In the health and social care sector, multi-agency working plays an important role. This is because people suffering health issues often require various types of services. The need for multidisciplinary team working is growing rapidly. This is because of growing co-morbidities and growing complexities of care. Time has gone when GPs and nurses would solely delivery the needed care service. In today’s health care context, it has become essential to ensure professionals belonging to various health care occupations work together to deliver optimum quality and wide variety of care services under one roof. This is even more important for certain health issues and diseases and Venous thromboembolism is one such disease. Treating Venous thromboembolism requires skilled nurses. This is because they are responsible for injecting drugs such as heparin or low molecular weight heparin, or tablets such as apixaban, dabigatran, rivaroxaban, edoxaban and warfarin.  These medications are prescribed for quite a few numbers of months.

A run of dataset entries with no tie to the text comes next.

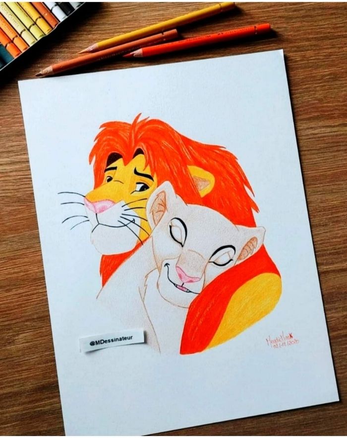 Dessin de Simba & Nala (adultes) fait à la main Format A4 Papier Canson déco idéal pour une chambre d'un enfant fan du roi lion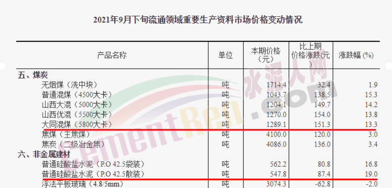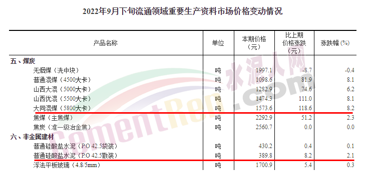 10月9日,國家統(tǒng)計(jì)局公布了2022年9月下旬流通領(lǐng)域重要生產(chǎn)資料市場(chǎng)價(jià)格變動(dòng)情況,水泥人網(wǎng)注意到流通領(lǐng)域煤炭價(jià)格仍處于上行趨勢(shì),各類型煤炭報(bào)價(jià)仍處于1000元/噸以上,其中5800大卡山西大同混煤報(bào)價(jià)1573.6元/噸,較上期上漲118.6元/噸;同比上年同期報(bào)價(jià)1289.1元/噸,上漲284.5元/噸。同期P.O42.5散裝水泥報(bào)價(jià)389.8元/噸,上漲8.2元/噸,漲幅2.1%,仍未突破400元/噸大關(guān);同比上年同期547.8元/噸報(bào)價(jià)下跌158元/噸。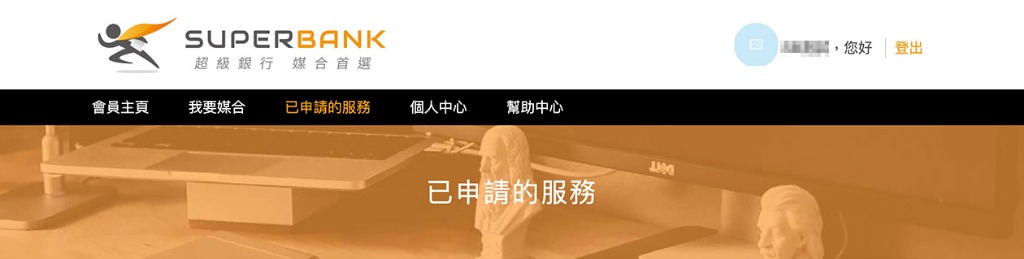 步驟 1:請登入SuperBank,於會員主頁點選「已申請的服務」按鈕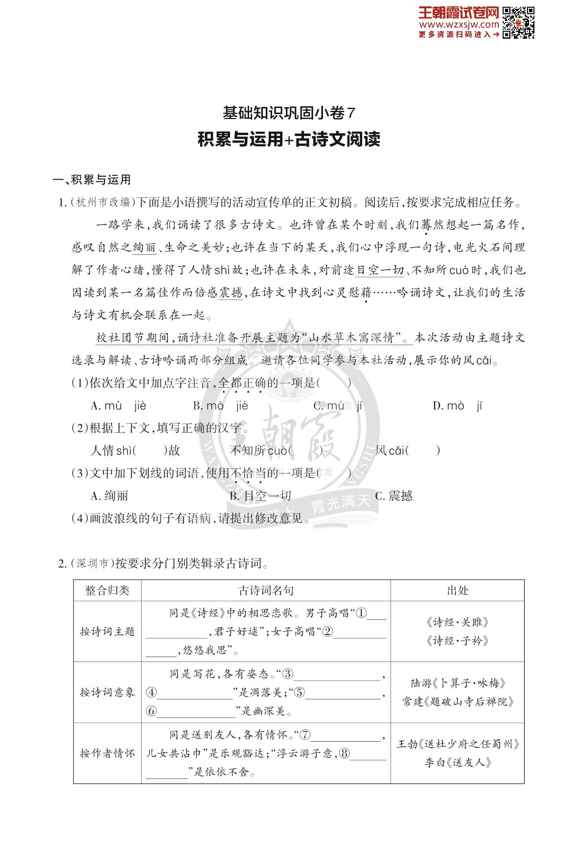 王朝霞期末过课本——基础知识巩固小卷7八年级下册语文(人教版)_R230427142702327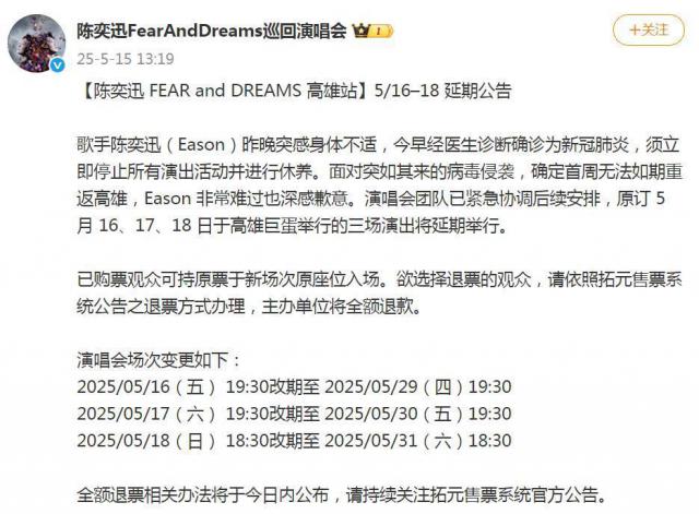 此前,5 月 15 日,陈奕迅 Fear and Dreams 巡回演唱会官方微博发布延期公告:

In case VTE occurs after a provoking factor like pregnancy, surgery, trauma and/or hormone therapy etc. such medications are given for relatively longer time period. Therefore, engaging a GP for such a long time is not feasible. The role of nurses would be important in prophylaxis since it involves treating the patients orally to help them in getting rid of inflammation and swelling.

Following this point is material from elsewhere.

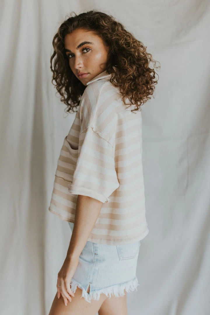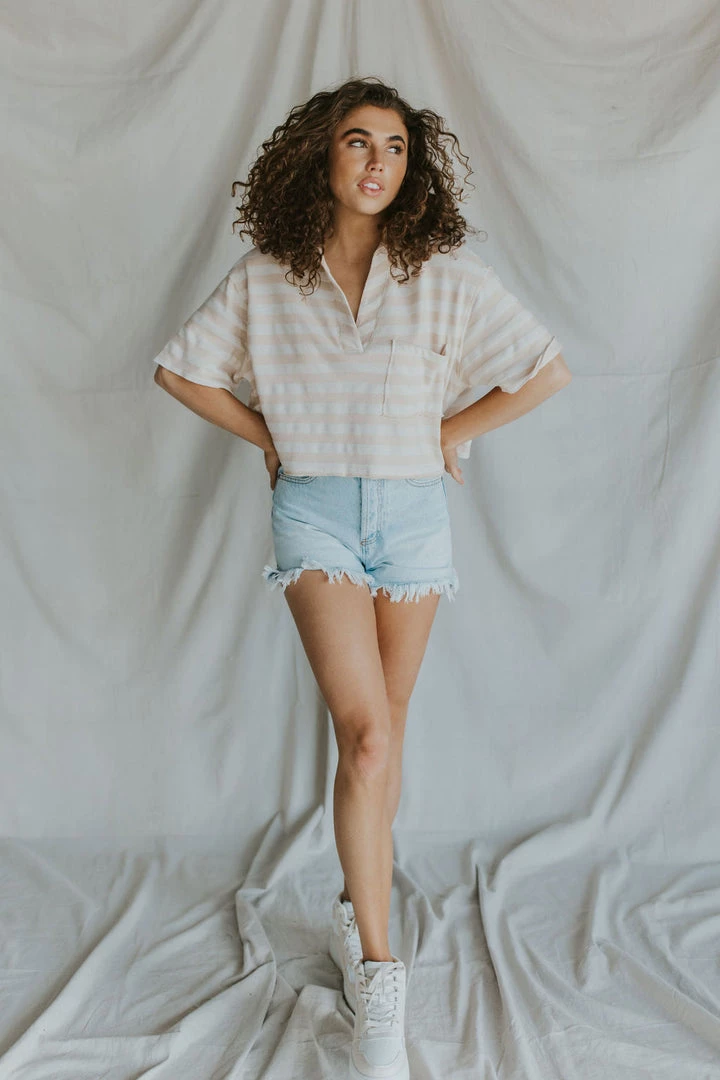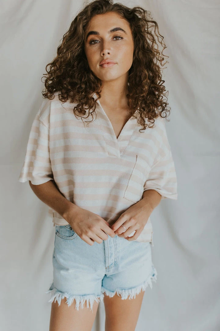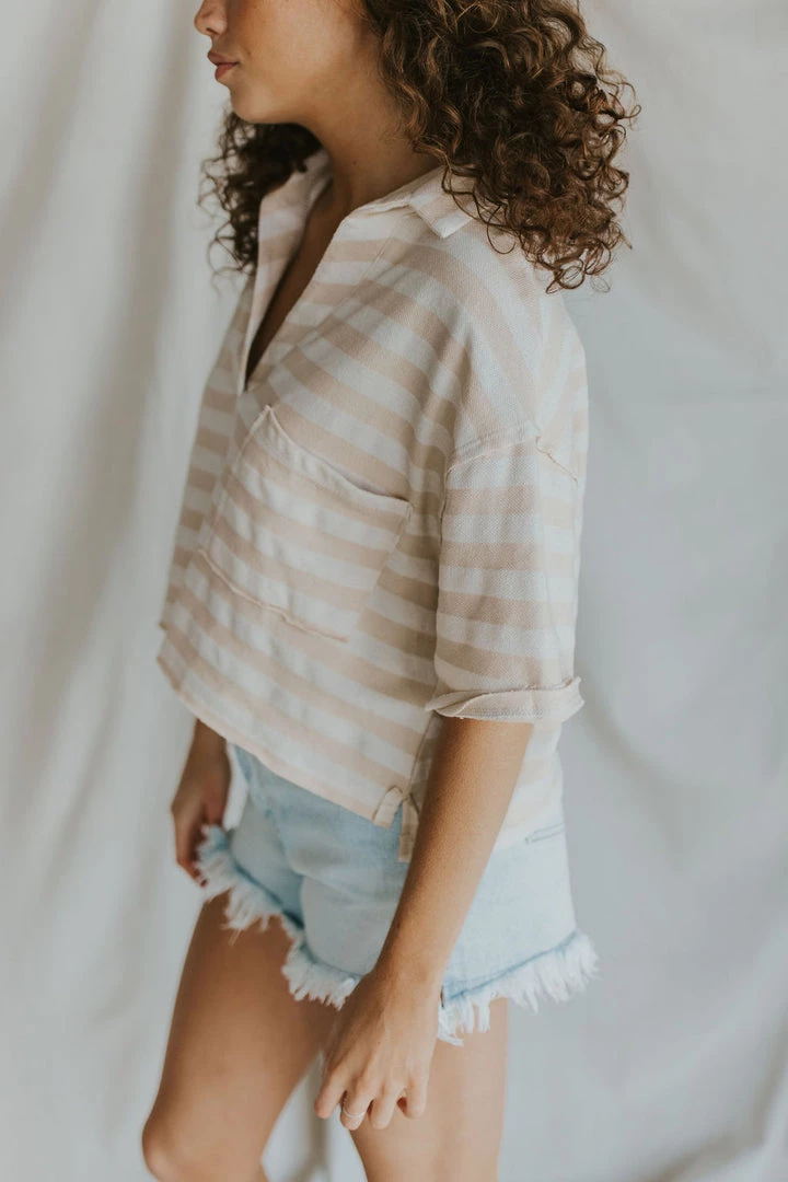 Ribbed v-neck blouse. Collared top with front pocket. Raw hem detail. MADE IN THE USA!!

Surgical procedures are often adopted for treating VTE. This might involve placing a filter in the largest vein of the body, i.e. inferior vena cava in order to prevent blood clots from travelling to the lungs of the patients. It might also involve removing a large amount of blood clot from the vein or injecting clot-busting medicines in the vein or lung artery (Heart.org, 2019). This requires the involvement of the nurses as well as GPs. This is because surgical procedures require expert knowledge and skills, considering the risk factors involved in case of incorrect procedure performed. At the same time, the nurses are also required for carrying out certain basic activities like injecting medicines, supplying the tools and equipments to the GPs etc. Unless the GPs and nurses work together it would not be possible to undertake a surgical procedure for treating VTE effectively.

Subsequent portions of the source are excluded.